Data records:

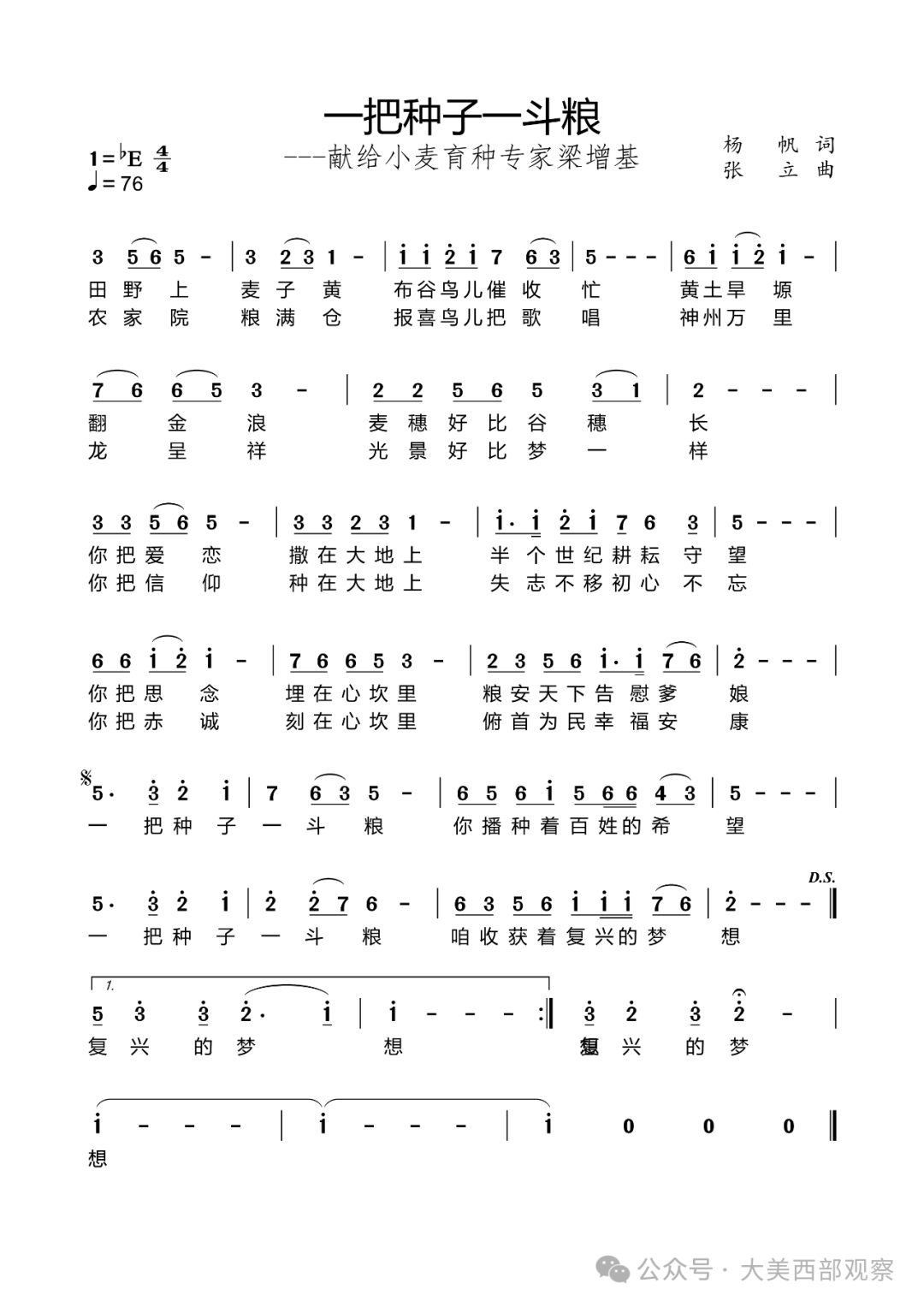 正在这首献给小麦育种专家梁增基的赞歌中,词做者以朴实而充满地盘气味的言语,建立了一幅科学家取大地、种子取人平易近、歌词超越了简单的人物,为对一种生命姿势的礼赞。
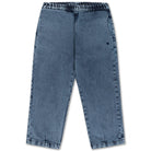 No Sweat Pant by Repose AMS. Cut from soft organic cotton denim, the no sweat pants feature an elastic waistband for easy movement, side pockets, two back patch pockets, and an embroidered logo on the hip. Designed for a relaxed and comfortable fit, these pull-on-and-go jeans are perfect for everyday wear.
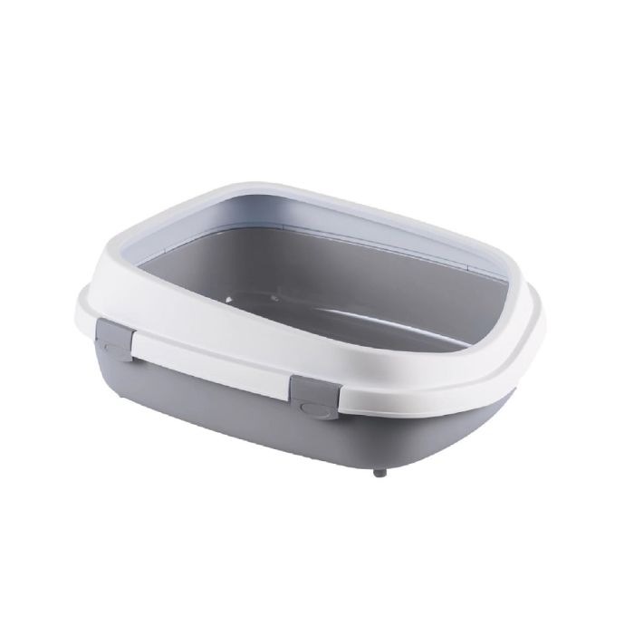 Szeroka i wysoka ramka zapobiega wydostawaniu się żwirku. Oddzielny spód umożliwia wygodne gruntowne czyszczenie kuwety. Obniżony próg z frontu ułatwia wchodzenie do kuwety kotom starszym oraz kociętom.
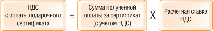 Таким образом, при получении организацией (продавцом) оплаты подарочного сертификата от покупателей в счет предстоящей поставки товаров у организации (продавца) возникает объект налогообложения по НДС. Указанные суммы оплаты подлежат обложению НДС исходя из полученных сумм с учетом НДС по расчетной налоговой ставке 20/120 или 10/110 (абз. 2 п. 1 ст. 154, п. 4 ст. 164 НК РФ).
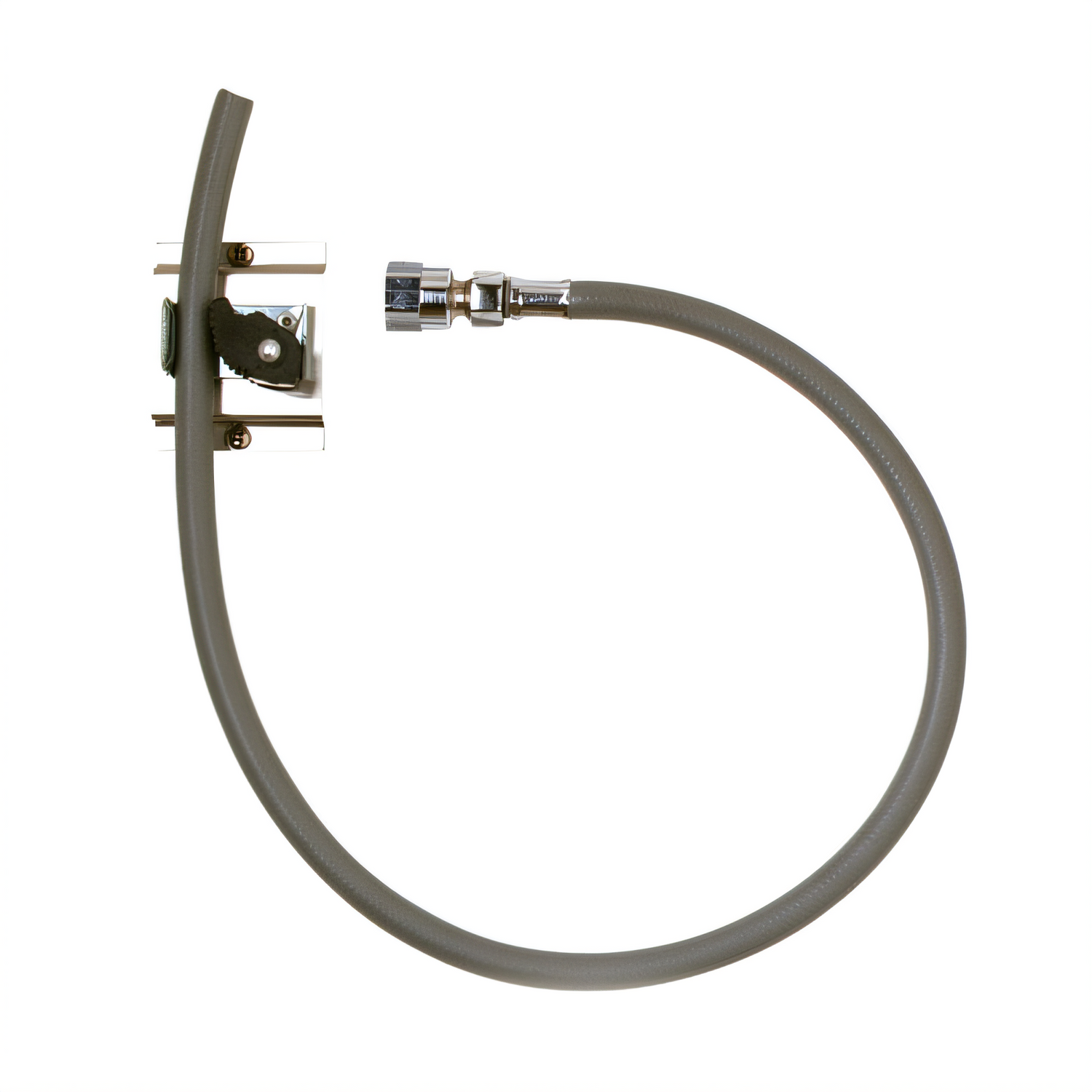 Stainless steel hose bracket with spring-loaded rubber grip, includes 30" rubber hose, 3/4" female inlet & mounting screws for secure setup.
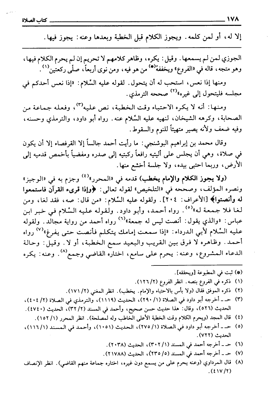 (وَلَا يَجُوزُ الْكَلَامُ وَالْإِمَامُ يَخْطُبُ) قَدَّمَهُ فِي " الْمُحَرَّرِ "، وَجَزَمَ بِهِ فِي " الْوَجِيزِ "، وَنَصَرَهُ الْمُؤَلِّفُ، وَصَحَّحَهُ فِي " التَّلْخِيصِ "؛ لِقَوْلِهِ تَعَالَى {وَإِذَا قُرِئَ الْقُرْآنُ فَاسْتَمِعُوا لَهُ وَأَنْصِتُوا} [الأعراف: 204] وَلِقَوْلِهِ ـ - عَلَيْهِ السَّلَامُ - ـ «مَنْ قَالَ: صَهٍ، فَقَدْ لَغَا، وَمَنْ لَغَا فَلَا جُمُعَةَ لَهُ» رَوَاهُ أَحْمَدُ، وَأَبُو دَاوُدَ، وَلِقَوْلِهِ ـ - عَلَيْهِ السَّلَامُ - ـ فِي خَبَرِ ابْنِ عَبَّاسٍ: «وَالَّذِي يَقُولُ: أَنْصِتْ لَيْسَ لَهُ جُمُعَةٌ» رَوَاهُ أَحْمَدُ مِنْ رِوَايَةِ مُجَالِدٍ، وَلِقَوْلِهِ ـ - عَلَيْهِ السَّلَامُ - ـ لِأَبِي الدَّرْدَاءِ «إِذَا سَمِعْتَ إِمَامَكَ يَتَكَلَّمُ فَأَنْصِتْ حَتَّى يَفْرُغَ» رَوَاهُ أَحْمَدُ، وَظَاهِرُهُ: لَا فَرْقَ بَيْنَ الْقَرِيبِ وَالْبَعِيدِ، سَمِعَ الْخُطْبَةَ أَوْ لَا، وَقِيلَ: وَحَالَةُ الدُّعَاءِ الْمَشْرُوعِ، وَعَنْهُ: يَحْرُمُ عَلَى سَامِعٍ، اخْتَارَهُ الْقَاضِي وَجَمْعٌ، وَعَنْهُ: يُكْرَهُ

■ Activity: Reproduce, without alteration and without pictures, only those lines that lie between the first line of the entries above and the line containing "Stainless steel hose", both of them included.

■ The completed task:
 正在这首献给小麦育种专家梁增基的赞歌中,词做者以朴实而充满地盘气味的言语,建立了一幅科学家取大地、种子取人平易近、歌词超越了简单的人物,为对一种生命姿势的礼赞。
 No Sweat Pant by Repose AMS. Cut from soft organic cotton denim, the no sweat pants feature an elastic waistband for easy movement, side pockets, two back patch pockets, and an embroidered logo on the hip. Designed for a relaxed and comfortable fit, these pull-on-and-go jeans are perfect for everyday wear.
 Szeroka i wysoka ramka zapobiega wydostawaniu się żwirku. Oddzielny spód umożliwia wygodne gruntowne czyszczenie kuwety. Obniżony próg z frontu ułatwia wchodzenie do kuwety kotom starszym oraz kociętom.
 Таким образом, при получении организацией (продавцом) оплаты подарочного сертификата от покупателей в счет предстоящей поставки товаров у организации (продавца) возникает объект налогообложения по НДС. Указанные суммы оплаты подлежат обложению НДС исходя из полученных сумм с учетом НДС по расчетной налоговой ставке 20/120 или 10/110 (абз. 2 п. 1 ст. 154, п. 4 ст. 164 НК РФ).
 Stainless steel hose bracket with spring-loaded rubber grip, includes 30" rubber hose, 3/4" female inlet & mounting screws for secure setup.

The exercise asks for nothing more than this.